▸ GIVEN DATA
Content starts

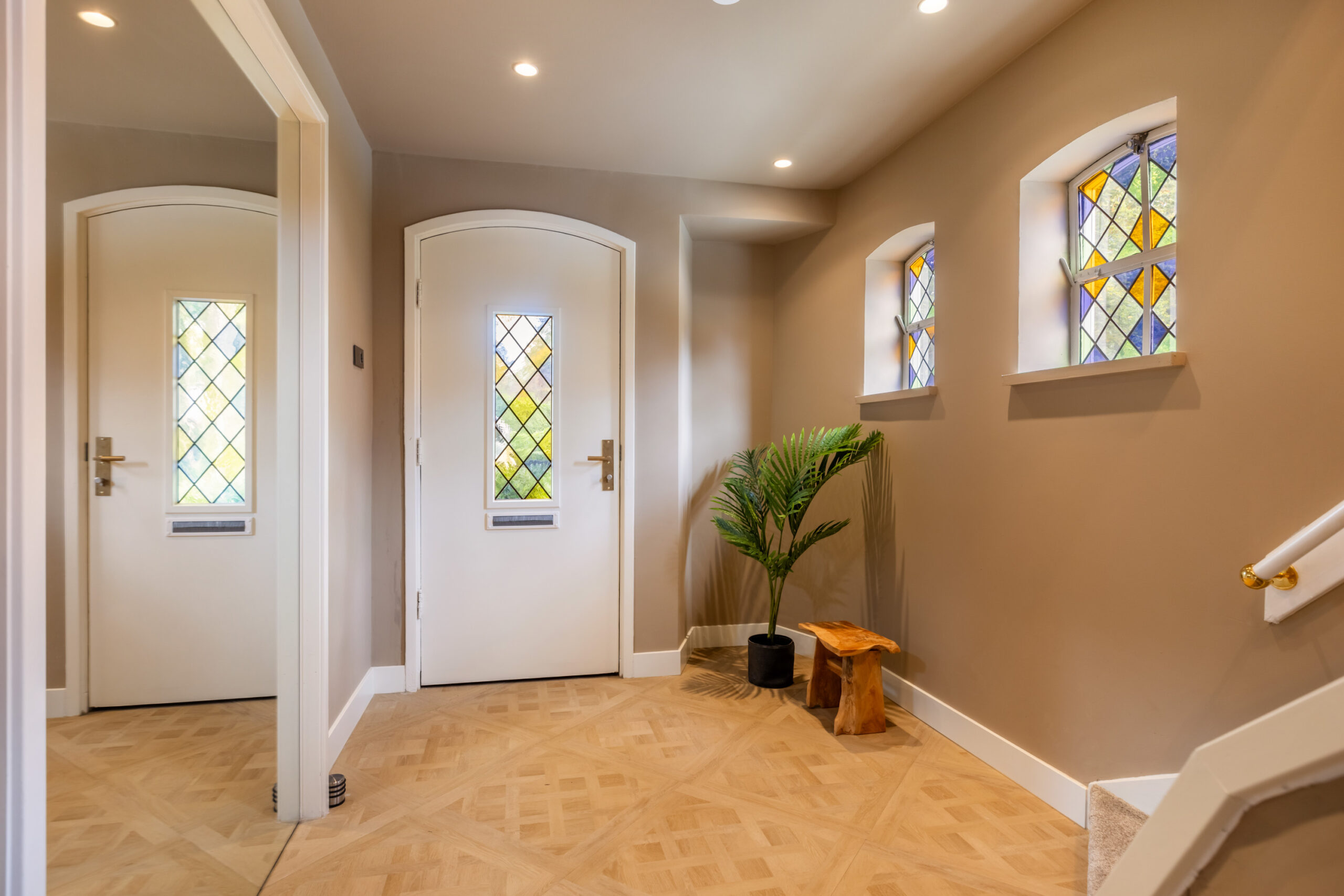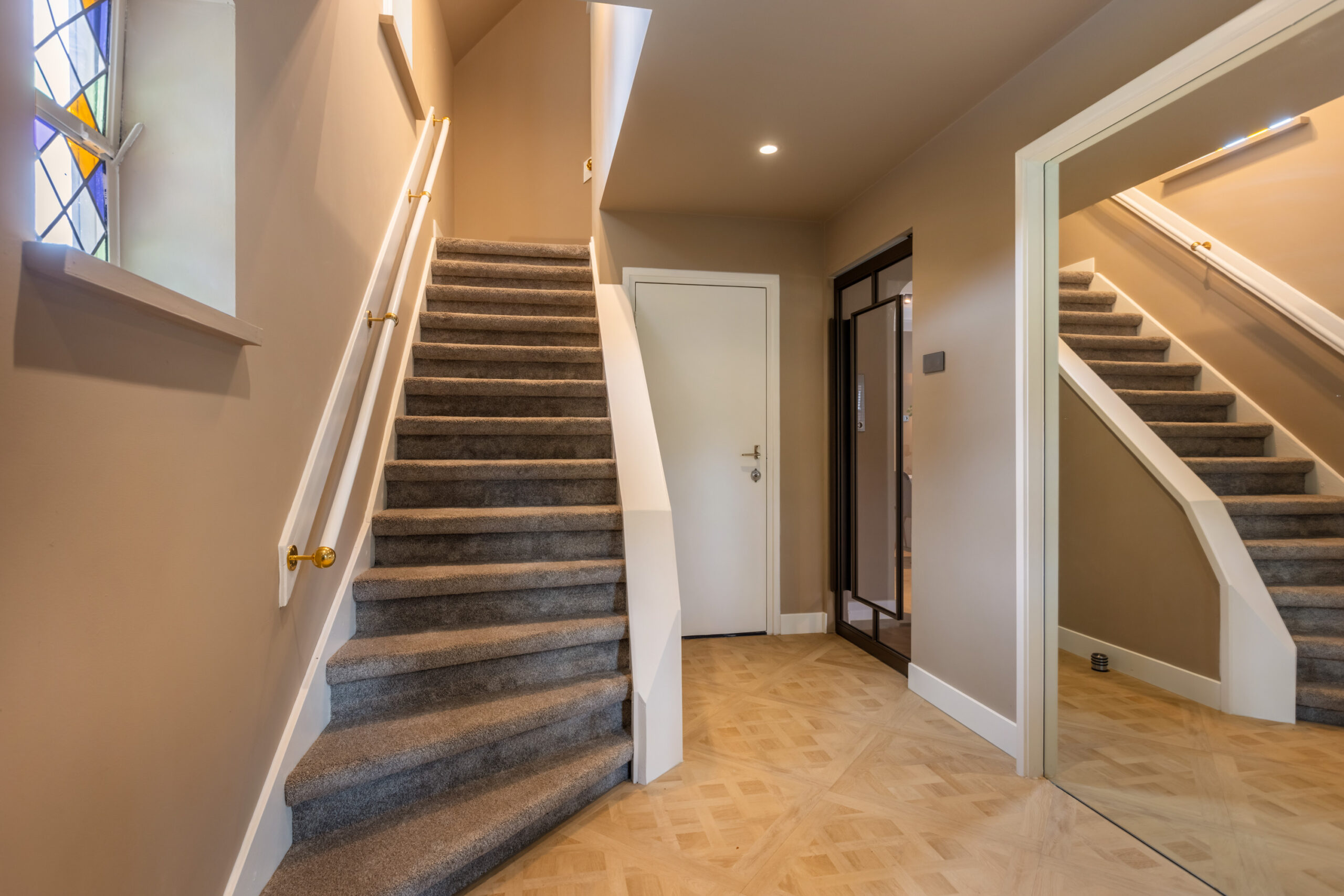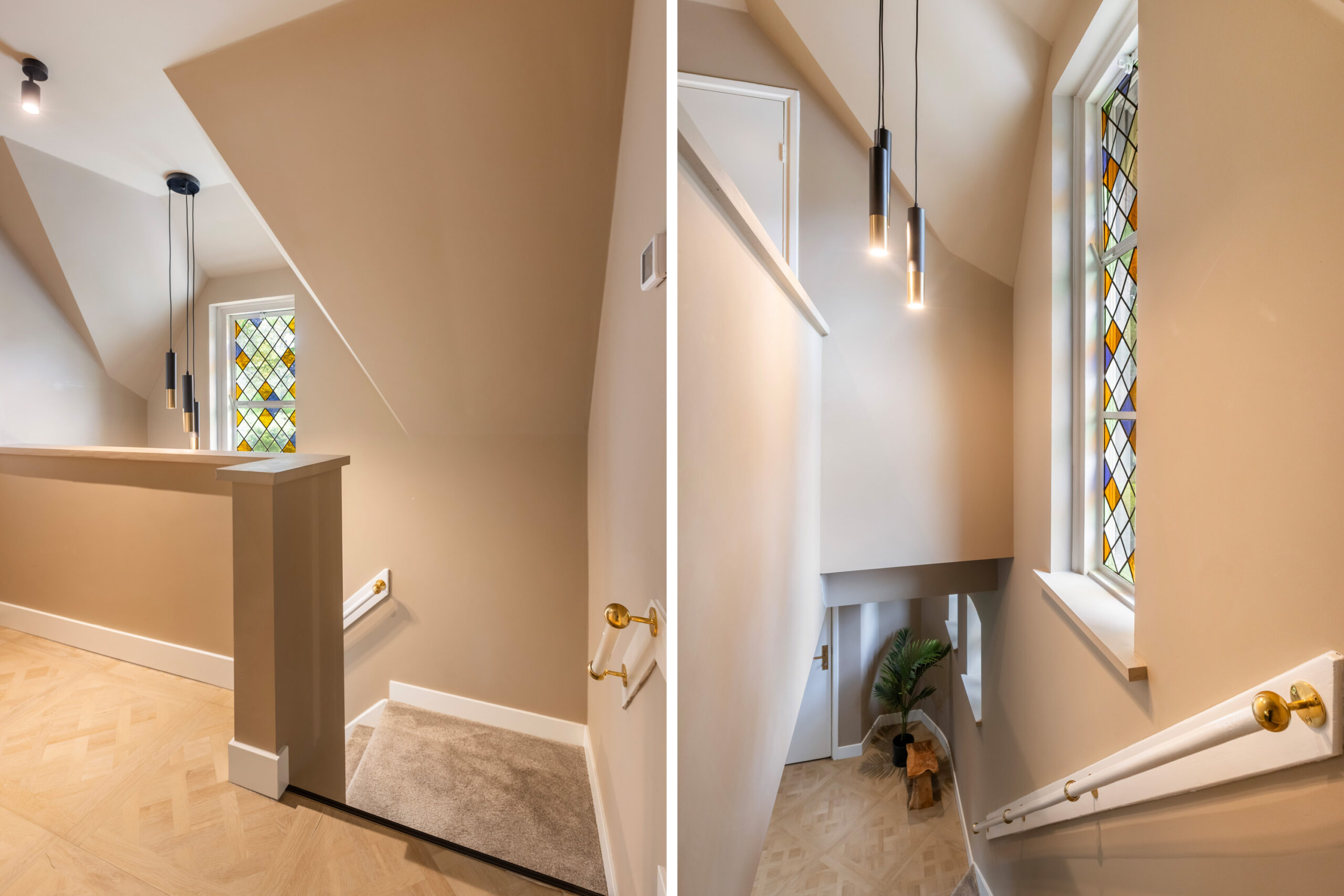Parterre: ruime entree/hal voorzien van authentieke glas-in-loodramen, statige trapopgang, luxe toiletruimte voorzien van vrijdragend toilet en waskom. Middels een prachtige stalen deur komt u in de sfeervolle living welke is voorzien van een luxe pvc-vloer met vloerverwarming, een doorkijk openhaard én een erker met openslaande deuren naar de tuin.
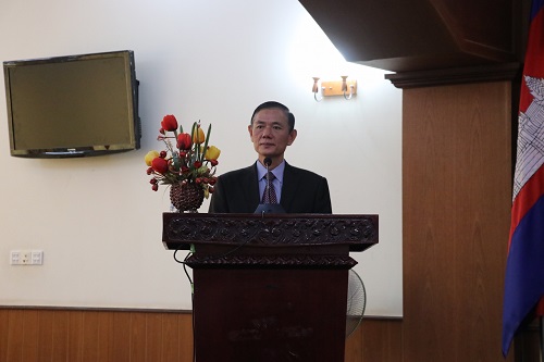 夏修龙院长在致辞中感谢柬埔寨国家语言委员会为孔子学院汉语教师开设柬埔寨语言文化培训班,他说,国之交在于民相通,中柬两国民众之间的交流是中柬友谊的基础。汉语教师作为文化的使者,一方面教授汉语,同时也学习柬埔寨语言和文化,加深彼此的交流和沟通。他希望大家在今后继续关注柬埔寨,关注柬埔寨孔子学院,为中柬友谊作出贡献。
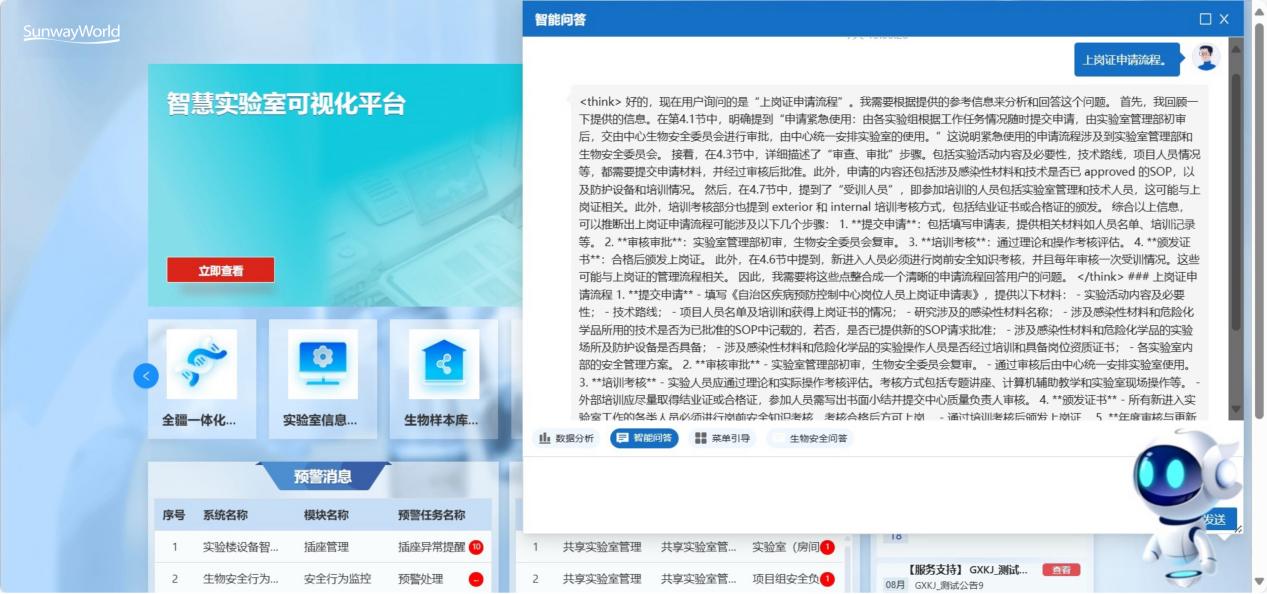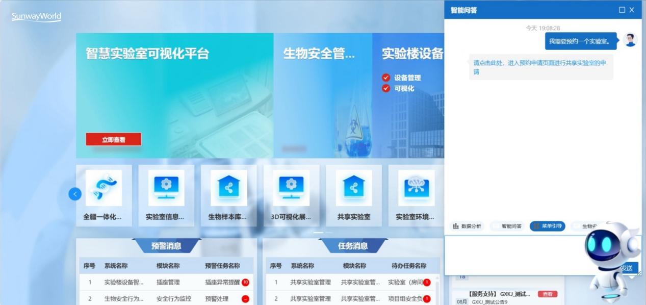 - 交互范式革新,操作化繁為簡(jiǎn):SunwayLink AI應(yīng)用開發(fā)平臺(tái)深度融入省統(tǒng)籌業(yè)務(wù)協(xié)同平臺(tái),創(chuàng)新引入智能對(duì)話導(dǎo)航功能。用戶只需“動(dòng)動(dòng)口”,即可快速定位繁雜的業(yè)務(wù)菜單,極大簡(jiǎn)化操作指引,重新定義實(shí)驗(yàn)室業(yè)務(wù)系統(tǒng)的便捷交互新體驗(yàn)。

Content ends

▸ TASK ITEM
From the first line to the last, reproduce the listing above exactly, leaving the pictures out.

▸ TASK ANSWER
Parterre: ruime entree/hal voorzien van authentieke glas-in-loodramen, statige trapopgang, luxe toiletruimte voorzien van vrijdragend toilet en waskom. Middels een prachtige stalen deur komt u in de sfeervolle living welke is voorzien van een luxe pvc-vloer met vloerverwarming, een doorkijk openhaard én een erker met openslaande deuren naar de tuin.
 夏修龙院长在致辞中感谢柬埔寨国家语言委员会为孔子学院汉语教师开设柬埔寨语言文化培训班,他说,国之交在于民相通,中柬两国民众之间的交流是中柬友谊的基础。汉语教师作为文化的使者,一方面教授汉语,同时也学习柬埔寨语言和文化,加深彼此的交流和沟通。他希望大家在今后继续关注柬埔寨,关注柬埔寨孔子学院,为中柬友谊作出贡献。
 - 交互范式革新,操作化繁為簡(jiǎn):SunwayLink AI應(yīng)用開發(fā)平臺(tái)深度融入省統(tǒng)籌業(yè)務(wù)協(xié)同平臺(tái),創(chuàng)新引入智能對(duì)話導(dǎo)航功能。用戶只需“動(dòng)動(dòng)口”,即可快速定位繁雜的業(yè)務(wù)菜單,極大簡(jiǎn)化操作指引,重新定義實(shí)驗(yàn)室業(yè)務(wù)系統(tǒng)的便捷交互新體驗(yàn)。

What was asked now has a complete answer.